**Data**
━━━━━━
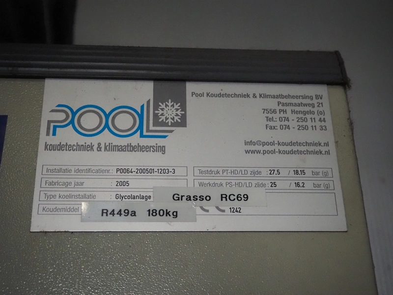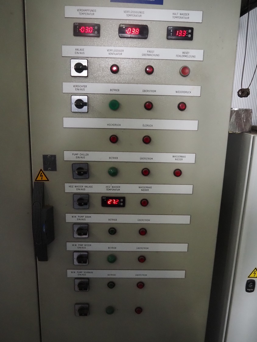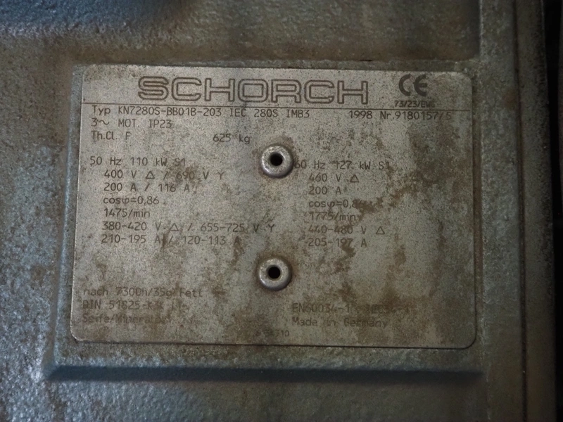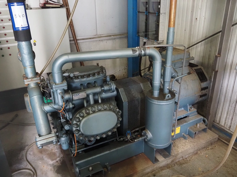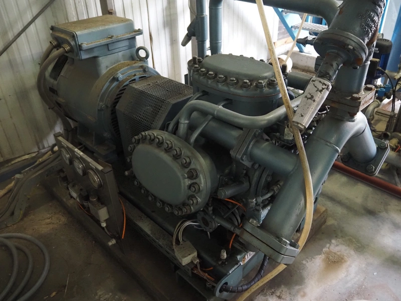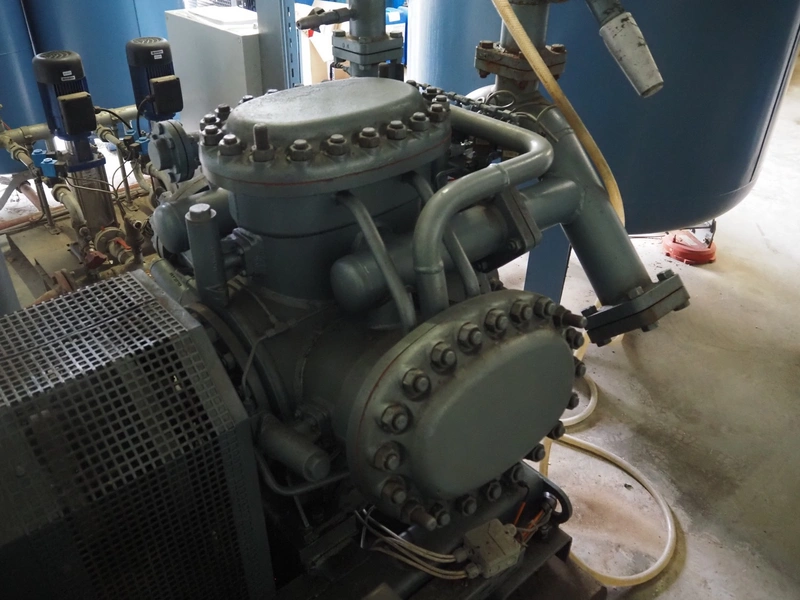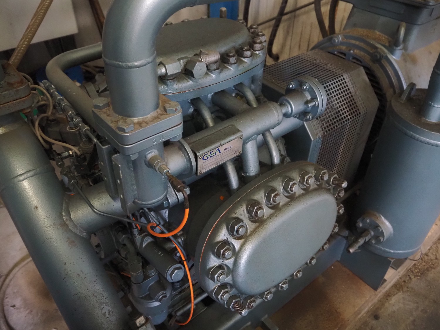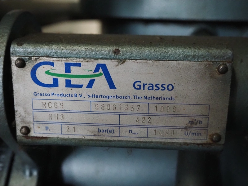 GEA Grasso piston compressor, model: RC69, number: 98061357, year of construction: 1998, capacity: 422 m³ per hour, 21 bar, 1450 rates per minute, Schorch motor, 110 / 127 kW, dimensions compressor: 2200 mm x 1100 mm x 1400 mm, switch cabinet, dimensions: 1200 mm x 500 mm x 2150 mm.
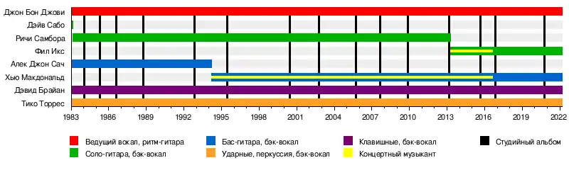 Bon Jovi — американская рок-группа из Нью-Джерси, образованная в 1983 году. В состав коллектива входят вокалист Джон Бон Джови, клавишник Дэвид Брайан, бас-гитарист Хью Макдональд, гитарист Фил Икс и барабанщик Тико Торрес[6]. На протяжении многих лет состав группы практически не менялся, лишь в 1994 году от них ушёл басист Алек Джон Сач, которого заменил Хью Макдональд. В 2013 году группу покинул гитарист Ричи Самбора[7]. В 2016 году Хью Макдональд и Фил Икс стали полноправными участниками коллектива. Всемирной популярности Bon Jovi поспособствовал альбом Slippery When Wet (1986). В 1990 году, после плотных гастрольных туров и большого количества хитов, группа приостановила деятельность; тогда же Джон Бон Джови и Самбора выпустили по сольному альбому. В 1992 году был выпущен альбом Keep the Faith. Их песня 2000 года «It’s My Life» смогла привлечь внимание более молодой аудитории. Bon Jovi использовали разные стили в своей музыке: так, альбом Lost Highway (2007) включал элементы кантри. Последний на данный момент релиз группы, 2020, был выпущен 2 октября 2020 года.
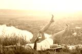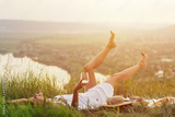 Young beautiful happy woman with white wine in hand is lying on the blanket and enjoying perfect time at summer picnic.
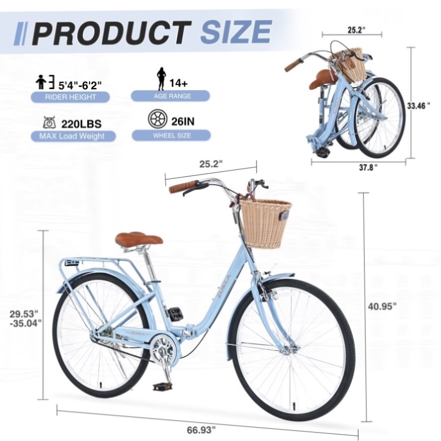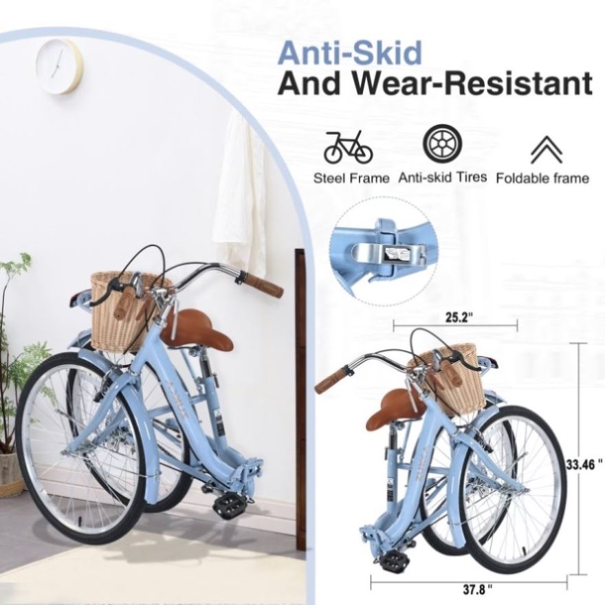 26 Inch Single Speed Folding Lady Bike , Durable Steel Frame,Compact Design for Easy Storage and W1019P248820
━━━━━━
**Problem statement**
In full and without error, repeat the listing above, omitting its images.

**Written response**
 GEA Grasso piston compressor, model: RC69, number: 98061357, year of construction: 1998, capacity: 422 m³ per hour, 21 bar, 1450 rates per minute, Schorch motor, 110 / 127 kW, dimensions compressor: 2200 mm x 1100 mm x 1400 mm, switch cabinet, dimensions: 1200 mm x 500 mm x 2150 mm.
 Bon Jovi — американская рок-группа из Нью-Джерси, образованная в 1983 году. В состав коллектива входят вокалист Джон Бон Джови, клавишник Дэвид Брайан, бас-гитарист Хью Макдональд, гитарист Фил Икс и барабанщик Тико Торрес[6]. На протяжении многих лет состав группы практически не менялся, лишь в 1994 году от них ушёл басист Алек Джон Сач, которого заменил Хью Макдональд. В 2013 году группу покинул гитарист Ричи Самбора[7]. В 2016 году Хью Макдональд и Фил Икс стали полноправными участниками коллектива. Всемирной популярности Bon Jovi поспособствовал альбом Slippery When Wet (1986). В 1990 году, после плотных гастрольных туров и большого количества хитов, группа приостановила деятельность; тогда же Джон Бон Джови и Самбора выпустили по сольному альбому. В 1992 году был выпущен альбом Keep the Faith. Их песня 2000 года «It’s My Life» смогла привлечь внимание более молодой аудитории. Bon Jovi использовали разные стили в своей музыке: так, альбом Lost Highway (2007) включал элементы кантри. Последний на данный момент релиз группы, 2020, был выпущен 2 октября 2020 года.
 Young beautiful happy woman with white wine in hand is lying on the blanket and enjoying perfect time at summer picnic.
 26 Inch Single Speed Folding Lady Bike , Durable Steel Frame,Compact Design for Easy Storage and W1019P248820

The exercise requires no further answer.